That jokes
What did the elephant say to the naked man?
"How do you breathe through that tiny thing?"
Me: *posts random joke about a duck*
That one guy in the comment section for no reason: "Shut the f*uck up you dumb b*tch you are a piece of sh*t you..."
That other guy in the comment section: "That’s actually offensive to ducks."
Bro it’s a joke...
The first thing a man looks at in a woman, is her heart.
The fact that her breasts block the view is not her fault.
The fact that I am high won't stop me from advising you.
Don't plug your phone while charging it; it is very dangerous.
I met a girl that was 6'5" and she fell on 9/11 and broke her arm. She really said "oh snap" like a twin tower.
Memes
What is the difference between an orphan and a deaf kid?
They can't hear or speak to their parents that never came back.
Teachers: Do you give your mother that attitude?
Orphan: ...
When you see an "Autistic child zone" sign and say, "Oh! That wasn't a dog."
Did you hear that the governor's mansion in Alabama burned down?
Almost took out the whole trailer park.
That was a horrible pun.

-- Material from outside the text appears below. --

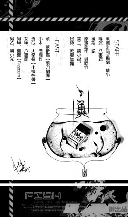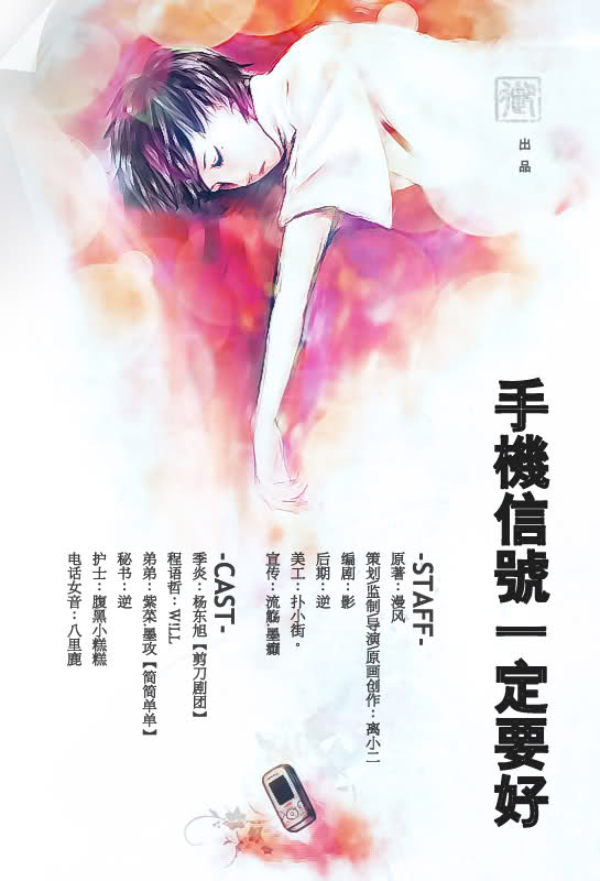 这个剧本,本是无心之物,没想到会做成剧,所以真的很开心很开心,特别是要感谢后期小逆,把这个这么意识流的东西诠释得这么有FEEL,然后要谢谢紫叔,耀耀,小光,小鹿的参与配音,还有偶可爱的小竹弟弟……不只配了小木这个角色还帮偶画了海报。小鹿的初次导演很不错!!赞…当然不能忘记小扑和流觞,海报GOOD宣传GOOD。于素…大家都辛苦了,谢谢大家………

You should be sent to the PUN-itentiary!
Leo: Mother, what is an idiot?
Mother: An idiot is someone that explains something in a long, boring way so that the person that the idiot is trying to explain to doesn't understand.
Mother: Do you understand?
Leo: No.
You're gay.
Bro, I am straighter than the pole that your mom dances on for me every night.
Arabs: WHO PUT THAT TOWER THERE... we must destroy it!
If a midget says your hair smells nice, is that sexual harassment?
Given that it's a major guarantee that little boys' underwear will be half off at Kmart thanks to the blue light specials, now you know why Michael Jackson likes to loiter around the store all day long.
Some people think jokes about child abuse are funny.
I'm not sure if I think that, but they do seem to hit different.
Prostitution. The only job that pays more if you suck.
Your hairline is so long that when you finally found the length of it, you told someone and they said, "Don't give me your phone number."
Did you hear about the nun that got kicked out of the convent?
She got caught squatting on the cucumbers in the garden.
True fact: Five out of six people think Russian roulette is safe.
(Russian roulette is a game where you put 1 bullet in a pistol that has 6 chambers; each person spins it and tries not to land on the bullet to find out if you got the bullet or not. You point the gun at yourself and pull the trigger.)